The World Oceans Day celebrates the seas as a boon for mankind. It may soon turn out to be a bane for Sino-Indian relations. The problems are many and centre around the Exclusive Economic Zone (EEZ) defined by the United Nations Convention on the Law of the Seas (UNCLOS) as the sea area and seabed stretching 200nm from the coast and island territories, including the 12 nautical mile (nm) strip of water hugging the coasts of countries deemed sovereign territory, exclusively for the coastal country to mine and drill for offshore oil and gas.
South China Sea Contest
In a world where traditional energy and minerals sources are depleting fast, such resources are highly prized and as between states with extended coastlines and contested island territories, ever-elongated EEZs are reduced to a confusing welter of overlapping claims that are difficult to resolve because they are almost impossible to disentangle. EEZs do not, however, prohibit or limit in any way the right of free passage through these waters for merchant marine and even warships of all countries in peace time. But peace depends on how emphatically a country seeks to enforce its claims.
At the recent Shangrila Conference in Singapore, the head of the Chinese Navy Admiral Sun Jianguo talked plainly about the possibility of adding to the 2,000-odd acres of new “islands” brazenly created in mid-South China Sea by Beijing in violation of international laws and legal understandings. China dumped massive amounts of earth, sand, and silt, cemented these huge manmade outcroppings, and used them as air fields and impromptu naval bases, and has threatened to impose an air defence identification zone (ADIZ) in the area. Both the “islands” and the ADIZ are, however, capable of triggering war.
With the enhanced EEZ measured off these ersatz islands, China’s claims to all of South China Sea, Beijing believes, are incontestable. The extraordinary and entirely illegal cartographic actions notwithstanding, Admiral Sun averred that China had actually “exercised enormous restraint”! If this is restraint, many wonder what Chinese loss of self-control would entail.
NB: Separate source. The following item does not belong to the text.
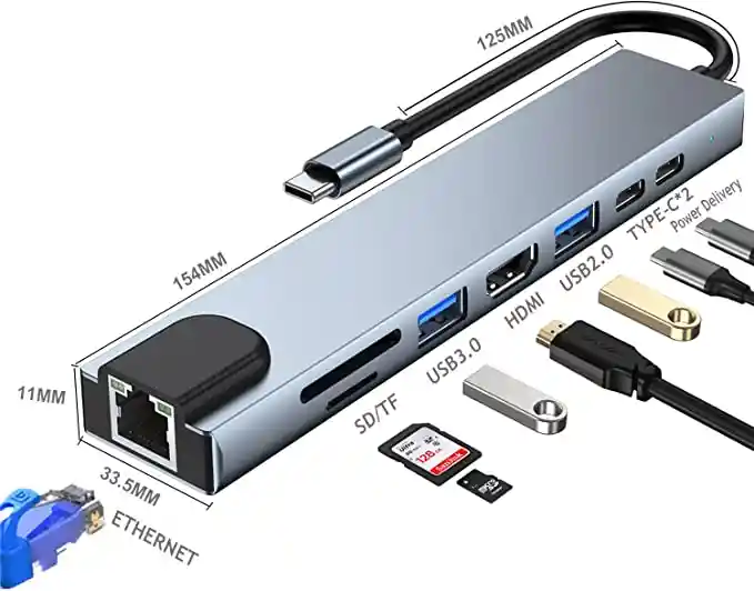 concentrador USB-C 8 en 1: convierte un solo puerto USB-C en seis puertos y dos ranuras para transferencia de datos, expansión de pantallas, conexión a internet y carga Video Ultra HD: el puerto HDMI emite resoluciones de hasta 4K@30Hz a una pantalla conectada carga conveniente: el puerto de entrega de energía USB de 100 w mantiene su MacBook Pro de 15 pulgadas con Thunderbolt 3 u otro portátil compatible completamente cargado (utilizando el adaptador de alimentación original de su dispositivo) mientras utiliza todas las demás funciones del concentrador transferencia de datos rápida y conexión de red: dos puertos USB 3.1 Gen 1 (USB 3.0) y uno USB 2.0 y ranuras para tarjetas SD y microSD soportan velocidades de transferencia de datos de hasta 5Gbps. el puerto Gigabit Ethernet admite velocidades de red de 10/100/1000Mbps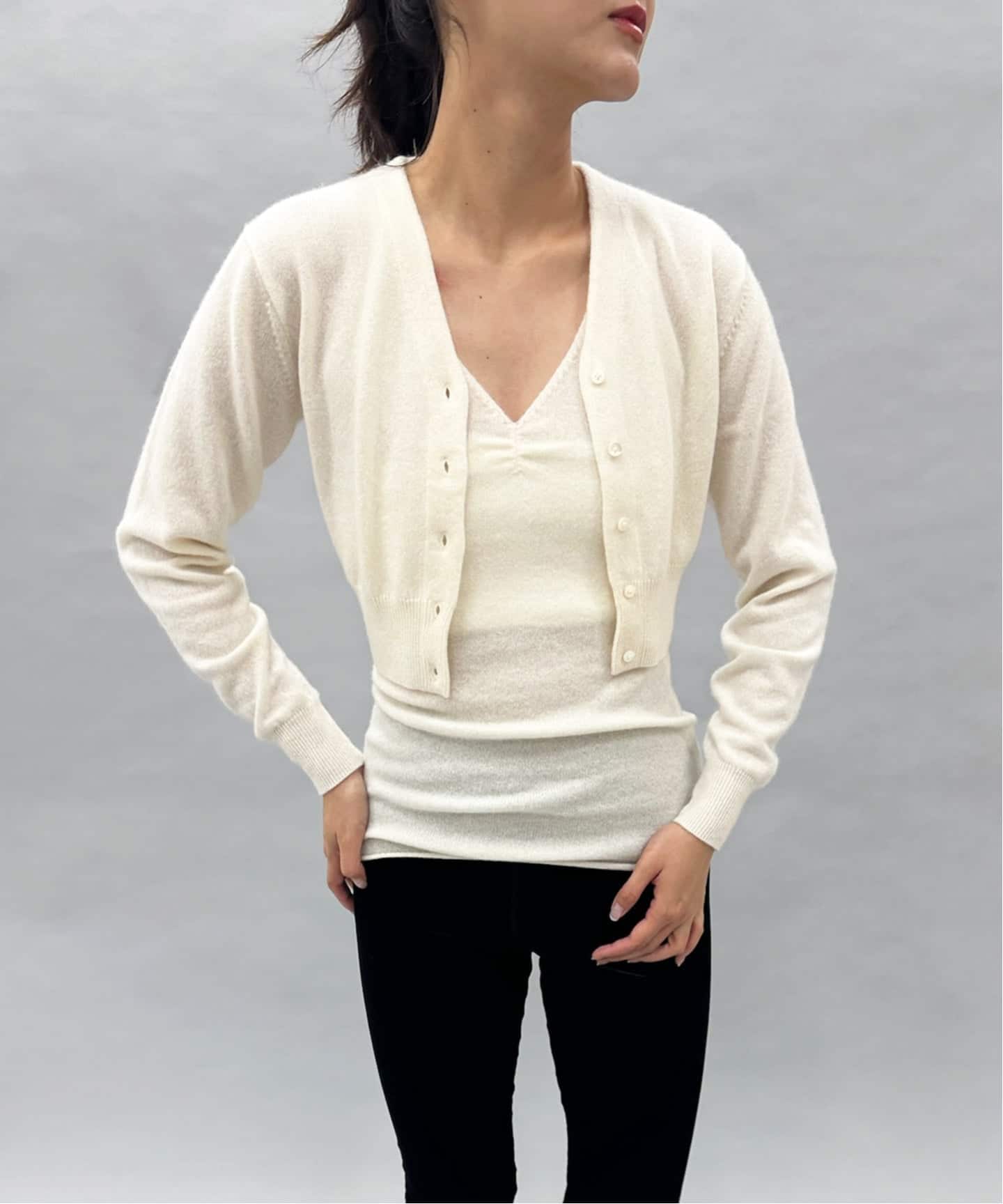 |1. カシミヤVネックカーディガン

Such territorially expansionist policy involving the “near waters” is justified on the basis of millennial claims of this maritime region once being a Chinese “lake”.
The India Tangle
How is India affected by such shenanigans? For one thing, India has concessions and invested in oil fields in the very waters off Vietnam which China thinks it owns. Direct confrontation with China is likely also because Vietnam is being built up militarily by India in the manner Pakistan has been by China – to be a deep thorn in the side of the other. India needs only to transfer nuclear-tipped missiles to Hanoi to equilibrate the situation.
Besides, per geostrategic logic the more China is kept busy minding its marine backyard the less it may be inclined to open a front in the Himalayas and, even less, in the Indian Ocean. India and China as the rising powers in Asia, and the narrow straits – Malacca, Lombok, and Sunda – oceanically separating them, make for a picture of a giant dumb-bell with the two countries weighing down the two ends, with India at least for the foreseeable future having the naval edge west of Malacca, and China east of it.
Strategic Interests
As in most strategic matters, India woke up late to the military and economic significance of dominating the surrounding ocean, having been lulled by the view that the Indian peninsula jutting out into the sea like the prow of an aircraft carrier could easily muster overwhelming force by sea and air in the Sunda-to-Simonstown arc, which Chinese naval presence in the Indian Ocean cannot thwart.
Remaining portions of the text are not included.